1.     When did you start your Masters/PhD?

2.     What are your grades in courses at Purdue?

3.     What is your undergrad school and what was your standing in your department (e.g., 3rd among 50 students in Computer Science, top 5% in 60 students in ECE)?

4.     What are your grades in programming courses in your undergraduate?

5.     Is there a Purdue person (professor, supervisor, etc.) who can speak about your qualifications?

Problem Statement

While dependability has become a critical property of computing systems around us, there is a dearth of publicly available computer system usage and failure data. Today there does not exist any open data repository for a recent computing infrastructure that is large enough, diverse enough, and with enough information about the infrastructure and the applications that run on them. We have recently started on an NSF-supported project to address this long-felt need by building an open data repository containing system configuration, usage, and failure data from large computing clusters at two institutions, Purdue and UIUC.

Participants

Purdue, including ITaP; UIUC, including NCSA; Los Alamos National Lab (LANL); Lawrence Livermore National Lab (LLNL)

Project Tasks

Our project will create a usable data repository and tools to analyze why components in these clusters fail and what can be done to reduce these incidents.
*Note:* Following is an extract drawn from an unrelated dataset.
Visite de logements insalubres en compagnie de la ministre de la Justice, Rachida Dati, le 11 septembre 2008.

1. Data analysis of system usage data. We are collecting a wealth of system usage data, such as, from syslog. We are also collecting data about the jobs that run on these computing clusters. We want to perform statistical data analysis on the system usage and the job resource utilization data to identify usage patterns and sources of bottlenecks.  

2. Data analysis of failure data. We want to perform statistical analysis to uncover the root causes of failures, of machines, disks, network elements, etc. We want to correlate such failure events with system and job resource usage.
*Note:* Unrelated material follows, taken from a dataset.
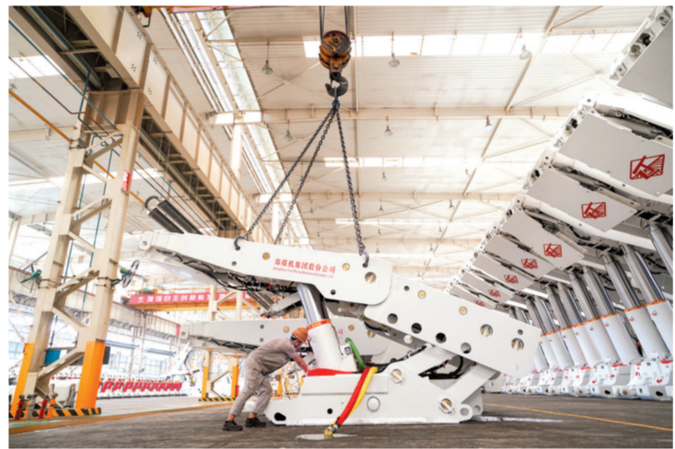
郑煤机生产线

3. Mitigation action. We want to suggest possible mitigation actions to reduce the incidence of resource congestion or failures. For this project, we have the ability to deploy some of these mitigation actions in our production systems at both campuses and observe the effects.

Qualifications

Required: Ability to process and analyze large volumes of data; Knowledge of C and a scripting language; basic ML tools.

Desirable: System administration.